Niestety taki sposób rozmnażania tkanek ma swoje minusy, gdyż komórki, które nie są komórkami macierzystymi (pobranymi z zarodka zwierzęcia), a dorosłymi wyspecjalizowanymi komórkami mnożą się zaledwie kilkadziesiąt razy, gdyż ich funkcją jest tylko regeneracja wykształconego organizmu. Pobranie komórek macierzystych z zarodka jest jednak bardzo trudne, a do tego nie mamy pewności, czy z pobranego materiału wyrośnie nam mięso, krew, kości czy sierść. Sposób "karmienia" komórek również poddaje w wątpliwość sens hodowania mięsa. Okazuje się bowiem, że aby wyhodować bezmięsne mięso, należy je odżywiać surowicą pozyskaną ze zwierzęcych płodów. Alternatywą są tylko bardzo jak na razie drogie "karmy" z alg i genetycznie modyfikowanych bakterii Escherichia coli. Do tego należy oczywiście dodać antybiotyki i środki przeciwgrzybicze.

Wyhodowane włókna są również bardzo słabe i mało sprężyste. Do ich stymulacji, Mark Post używa impulsów elektrycznych, które mają pobudzić je do wzrostu. Stawia sobie również za cel zastąpienie ich sygnałami chemicznymi, jakie układ hormonalny wysyła naszym ciałom,aby się rozwijały.. Oprócz tego, że słabe, mięso in vitro jest również pozbawione tłuszczu, smaku, oraz tak ważnego dla nas żelaza i witaminy B12. Żelazo pochodzi z krwi, której sztuczne mięso nie posiada, a witamina B12 pochodzi z bakterii obecnych w jelitach.
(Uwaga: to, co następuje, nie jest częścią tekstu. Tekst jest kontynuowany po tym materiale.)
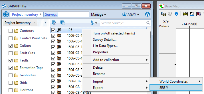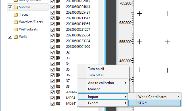 Then right click on the file name in the tree and select Import -> SEG-Y
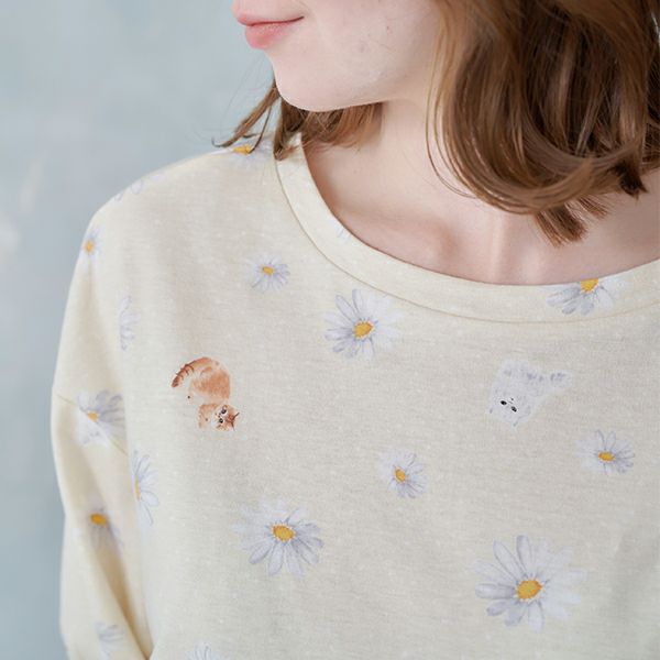 綿100%の天竺素材で柔らかく優しい肌触りのトップスです。袖のパフスリーブが女の子らしいデザインで、年間通して着易い5分袖となっています。ポール&ジョーのアイコン猫、ヌネットとジプシーが春のお花と共に散らばった春の訪れを感じられるアイテムです。

Tak więc, czy dzisiejsze prawdziwe, czy jutrzejsze sztuczne- mięso i tak będzie ostrzykiwane.

Rozwiązanie dla przyszłości?

Idea jest piękna, słuszna, ale i też -nie oszukujmy się- konieczna!. Przemysł mięsny emituje od 20% do 50% gazów cieplarnianych. Wegatarianie mogą być z siebie dumni, gdyż dla zaspokojenia ich głodu zużywa się znacznie mnie energii i wody. Sztczne mięso będzie miało więc za zadanie zlikwidowanie problemu zwiększającego się zapotrzebowania na żywność, braku energii, wody i ocieplenia klimatu.Pozostaje nam tylko mieć nadzieję, że w ciągu następnych lat, doniesienia naukowców będą nie tylko podtrzymywać nasze płonne nadzieje na humanitarny, mięsny posiłek, lecz także uda im się pokonać wszelkie trudności i zaserwują nam w końcu stek z probówki.